*What you have to do*: Reproduce each line, exactly, from the one containing "Hot Ones x Impossible" through the end of the material. Exclude pictures.

*Data shown*:
==================================================

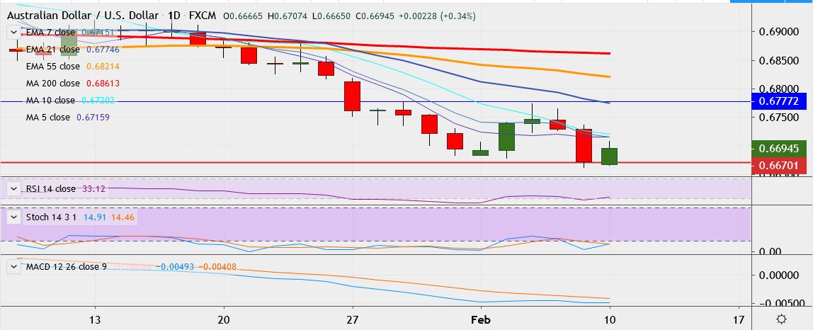 - Immediate resistance is located at 0.6715 (5-DMA), a break above could take it near 0.6755.
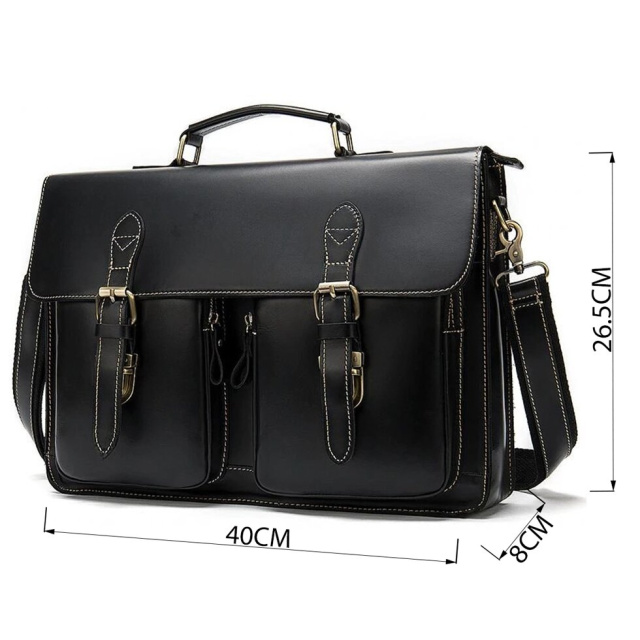 Ефектний діловий портфель для солідного чоловіка. Ідеальний варіант для ділових зустрічей або роботи. Виглядає розкішно і чудово пошитий. Виробництво - фабричний Китай високої якості. Аксесуар виконаний з щільної грубої шкіри приємної на дотик. Портфель зі справжньої якісної шкіри виглядає дуже дорого і зі смаком. Така річ точно прослужить вам не один рік. Портфель закривається на класичні застібки. Аксесуар однозначно вартий своїх грошей і буде радувати вас своєю якістю і зручністю.
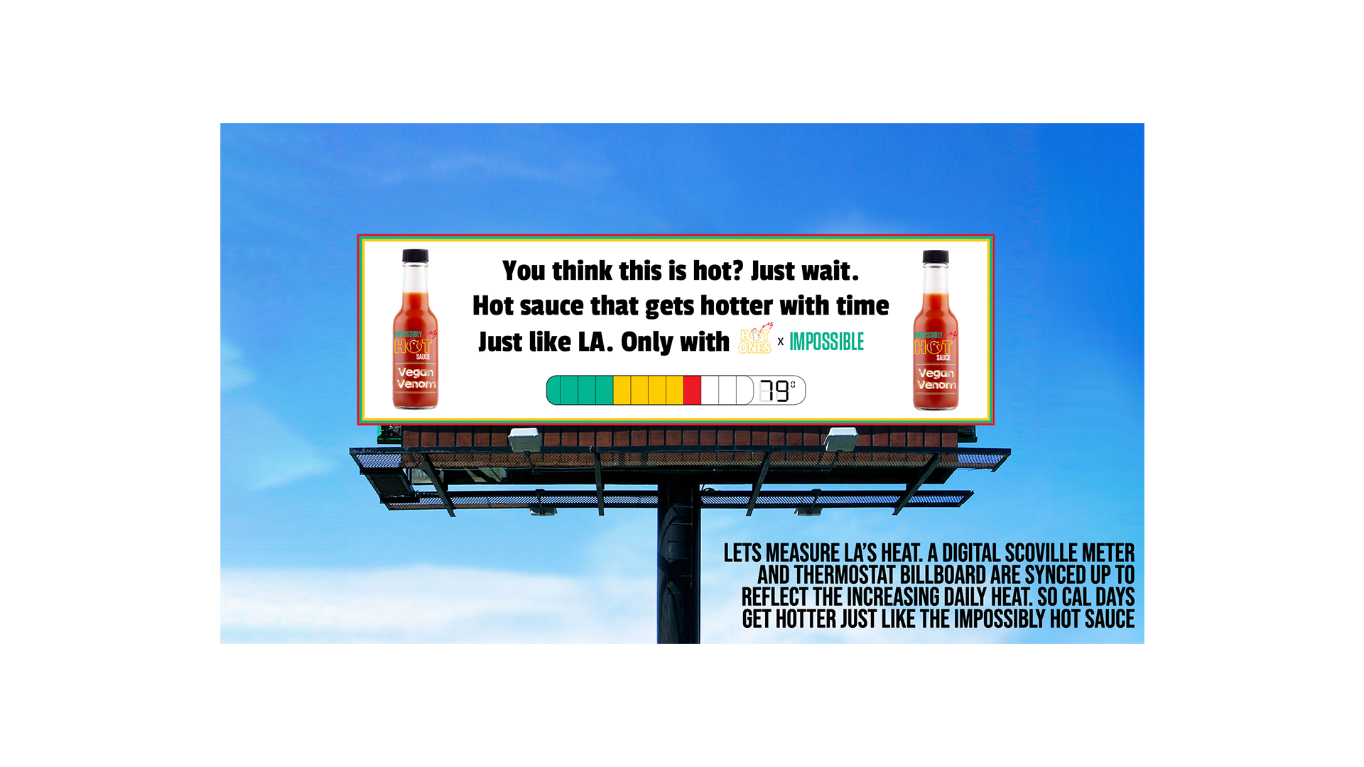 Hot Ones x Impossible Meat Impossibly Hot Sauce ADDY 2022- Silver Art Director: Emma SheplerCopywriter: Will Engebretson
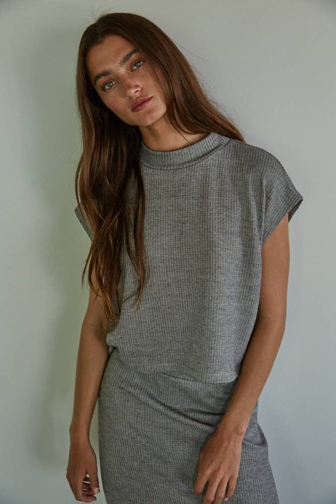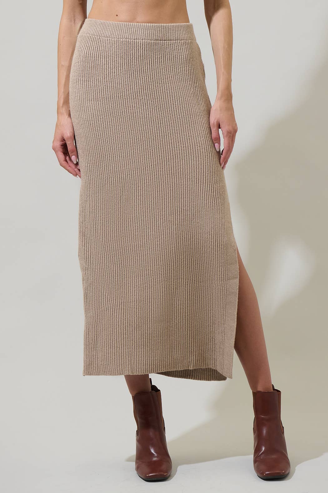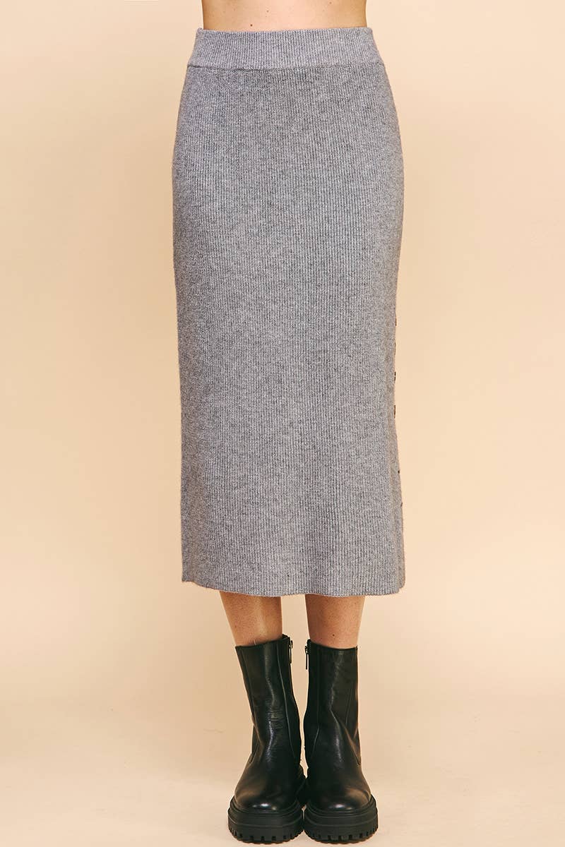 JADE SKIRT Knit Cotton Polyester Midi Pencil Skirt With Elastic Waistband And Back Slit (Optional Set Style#RJ3342)

==================================================

*Written answer*:
 Hot Ones x Impossible Meat Impossibly Hot Sauce ADDY 2022- Silver Art Director: Emma SheplerCopywriter: Will Engebretson
 JADE SKIRT Knit Cotton Polyester Midi Pencil Skirt With Elastic Waistband And Back Slit (Optional Set Style#RJ3342)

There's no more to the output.